3.Analysis of HIV-1 subtypes and pretreatment drug resistance in newly reported HIV/AIDS cases in Hangzhou, 2020-2022
Ling YE ; Ke XU ; Xingliang ZHANG ; Wenjie LUO ; Jia′nyu YOU ; Sisheng WU ; Min ZHU
Chinese Journal of Microbiology and Immunology 2023;43(7):541-546
Objective:To analyze the HIV-1 subtypes and drug resistance among newly reported HIV/AIDS cases before antiretroviral therapy (ART) in Hangzhou.Methods:Blood samples were collected from newly diagnosed HIV-1/AIDS cases not receiving ART in Hangzhou from 2020 to 2022. HIV-1 pol gene was amplified and then sequenced.

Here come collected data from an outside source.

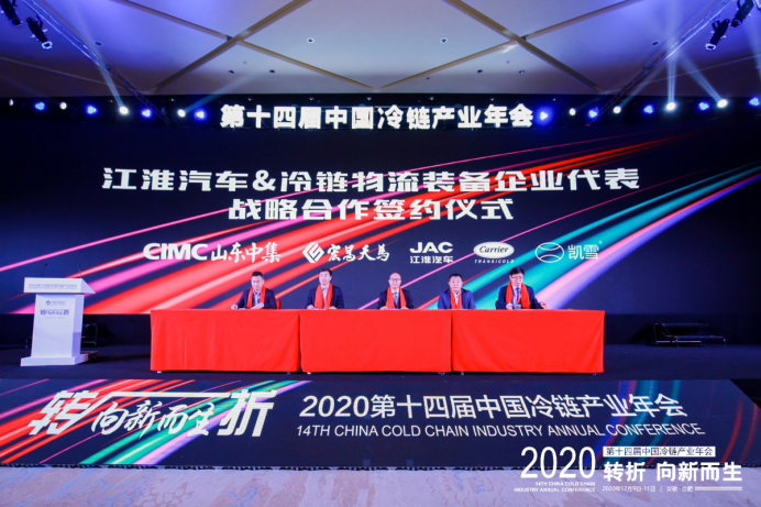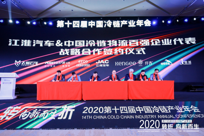 年會上,江淮汽車作為行業領先的冷藏車生產企業,與飛貓云年、上海眾萃物流、華夏易通冷鏈、仟吉食品、冰峰冷鏈物流、上海敬誠物流、山東中集、宏昌天馬、開利中國、凱雪冷鏈簽署戰略合作協議,共同打造更加符合中國冷鏈物流企業需求,滿足行業發展標準的冷藏車輛。
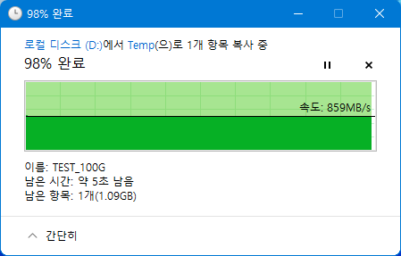 PCIe 3.0 인터페이스에 연결된 980 PRO 1TB에서 100GB 단일 파일을 전송하는 테스트입니다.
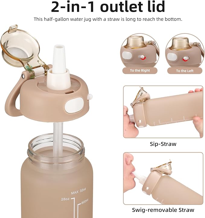 - Leakproof & Functional Design - Simply open with one hand by clicking the button, The flip-top lid is designed with a secure lock, making it dust-proof and leak-proof. The water bottle with a straw makes you drink more easily. The wide mouth is easy to fit ice cubes, and also easy to clean. (bonus cleaning brush)
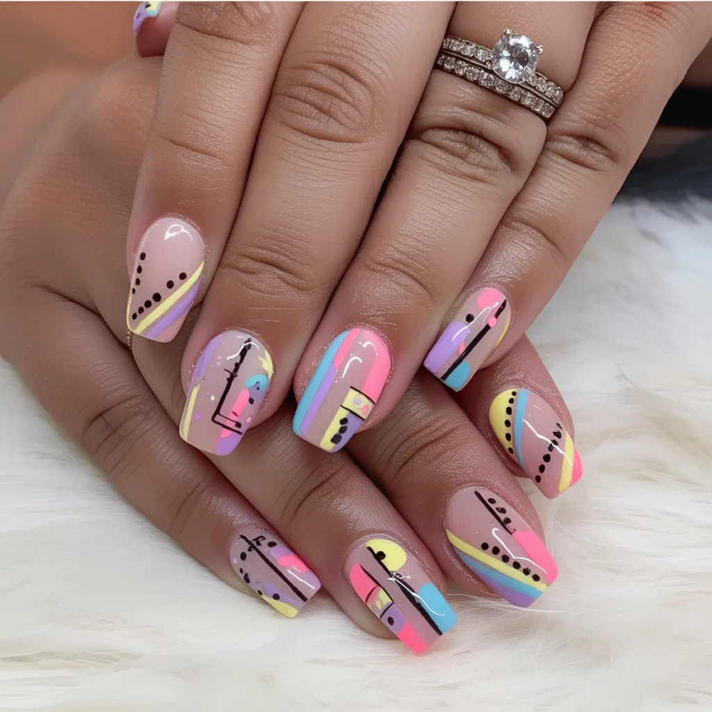 This one feels like a fresh smoothie in nail form—bright, juicy, and completely energizing. The sharp diagonal blocks of green, pink, yellow, and blue create bold lines that feel graphic yet clean. It’s a confident look that says you’re not afraid of color this spring.
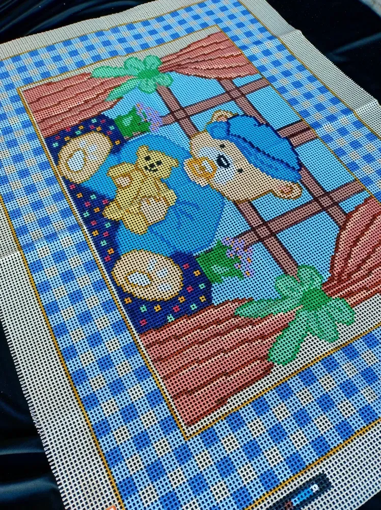 Tela talagarça pintada à mão, com pontos contados ímpares.
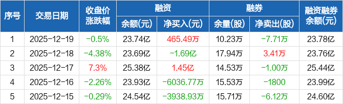 天赐材料:融资净买入465.49万元,融资余额23.74亿元(12-19)
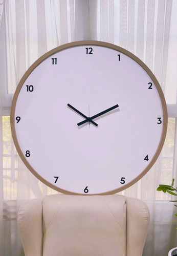 ساعت دیواری مدرن قاب لبه گرد زمینه بژ و قاب چوب| اعداد ظریف خطی | جنس MDF با موتور آرامگرد تایوانی | ۶۵ سانت
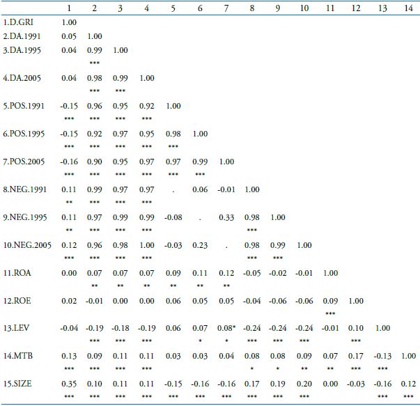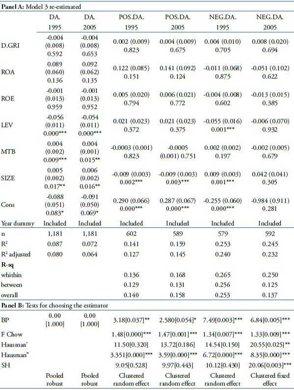 Initially, following Prior et al. (2008) and Pyo and Lee (2013), we estimated the Model 3 with measures of discretionary accruals (DA) as surrogates for earnings management. Previously, because EM may involve either income-increasing or income-decreasing accruals (Klein, 2002; Warfield, Wild, & Wild, 1995), we re-estimated the Model 3 with the DA’s positive (POS.DA) and negative (NEG.DA), as dependents variables. This procedure aims to capture the effect of CSR toward the DA. According Kim et al. (2012), a negative sign between D.GRI and POS.DA will indicate that CSR firms engage less in income-increasing EM; conversely, we interpret a positive relationship between D.GRI and NEG.DA as indicative that CSR firms manage earnings less through accruals.

A phylogenetic tree was construct using MEGA7.0 software to analyse the HIV-1 subtypes, The sequences were submitted to the Stanford University drug resistance database to identify drug resistance mutation sites and drug sensitivity. Results:A total of 2 700 sequences were obtained. Twelve subtypes were identified, and the predominant subtypes were CRF07_BC (46.8%, 1 263/2 700) and CRF01_AE (34.6%, 933/2 700). The overall drug resistance rate before ART was 8.1% (220/2 700) and the resistance rates to protease inhibitors (PIs), nucleoside reverse transcriptase inhibitors (NRTIs) and non-nucleoside reverse transcriptase inhibitors (NNRTIs) were 2.8% (75/2 700), 1.3% (36/2 700) and 4.4% (119/2 700), respectively. Among the 220 drug-resistant cases, mutations conferring resistance to PIs (Q58E), NRTIs (M184V/I) and NNRTIs (K103N/S and E138A/G/K/Q) were detected in 47 (21.4%), 13 (5.9%), 42 (19.1%) and 41 (18.6%) patients, respectively.Conclusions:HIV-1 genotypes were highly complex in newly reported HIV/AIDS cases in Hangzhou from 2020 to 2022. There were cases showing moderate or high resistance to backbone drugs before ART, indicating that HIV-1 monitoring should be strengthened to avoid treatment failure and reduce the spread of drug-resistant strains.